A new study by PriceListo reports a night out in America's Finest City costs on average $225.27.

SAN DIEGO — A new study by the price-monitoring website PriceListo lists America's Finest City as the most expensive city in the U.S. to go on a night out.

Charlotte, North Carolina, followed with a night out costing, on average, $224.75, and Austin, Texas, with an average of $221.23.

The study collected the cost of living data from each U.S. city with a population of 500,000. The study compared the average price of a cocktail, cab fare for a three-mile journey, a bottle of wine, and a pint of beer. And then added together the prices for an overall cost.

The study also analyzed data from the hotel site "Vio" to discover the median prices for each city's one-night stay in a budget hotel. 

The study finds that a pint of beer in San Diego costs $8.00, the second highest in the nation.
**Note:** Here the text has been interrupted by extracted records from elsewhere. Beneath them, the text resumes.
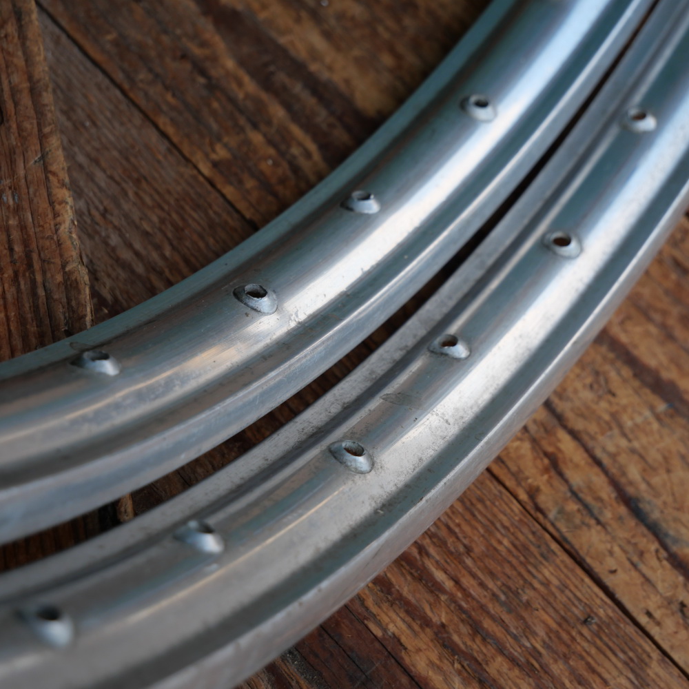 Moped-Felgensatz, 26 Zoll (559), für Drahtbereifung, Alu poliert, 50er/60er J., 36-Loch, NOS
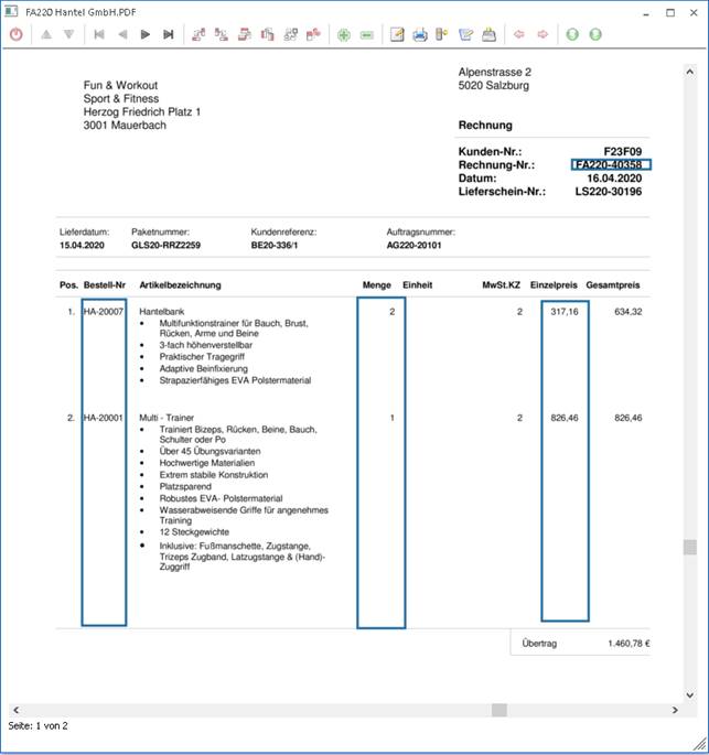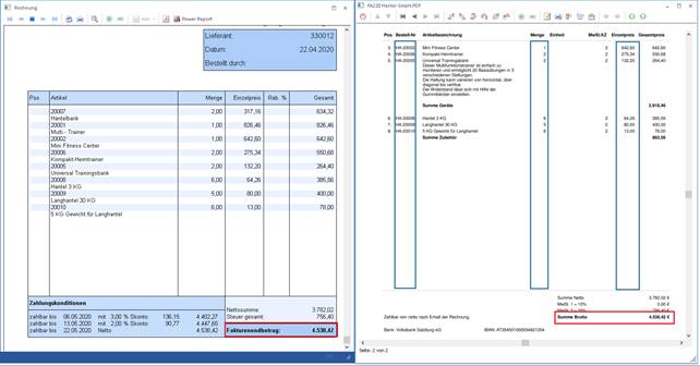 Diese Funktion kann genutzt werden, um beispielsweise den Endbetrag der Eingangsrechnung mit der zu druckenden zu vergleichen.
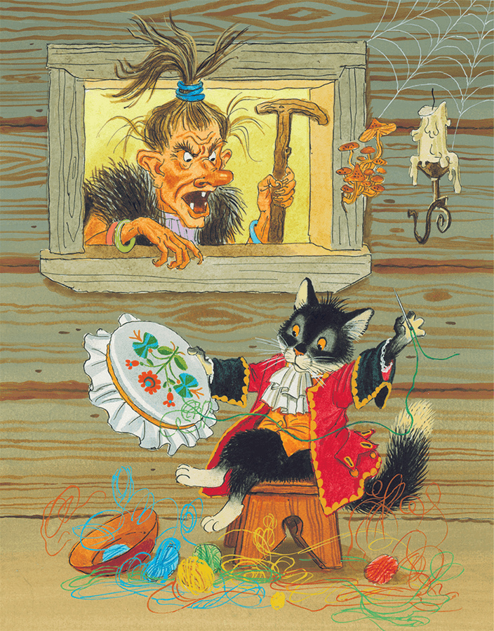 Отошла Баба-Яга от окошка… Смотрит девочка, а по горнице кот ходит. Сам чёрный, глаза жёлтые, хвост трубой. Ходит, жмурится, усищами шевелит, когтищами по половицам поскрёбывает.

A one-night hotel stay in America's Finest City is the third highest, costing 167.28 dollars.

Top 10 most expensive US cities for a night out: 

  1. San Diego - $225.27
  2. Charlotte - $224.75 
  3. Austin - $221.23
  4. Memphis - $216.25
  5. Columbus - $212.47
  6. Boston - $211.16
  7. Seattle - $210.61
  8. Washington, DC - $210.39 
  9. Houston - $209.54
  10. Tucson - $203.39

According to the study, the cheapest pint of beer and cocktails was in San Antonio, Texas. But the most affordable city in the U.S. for a night out was Las Vegas. 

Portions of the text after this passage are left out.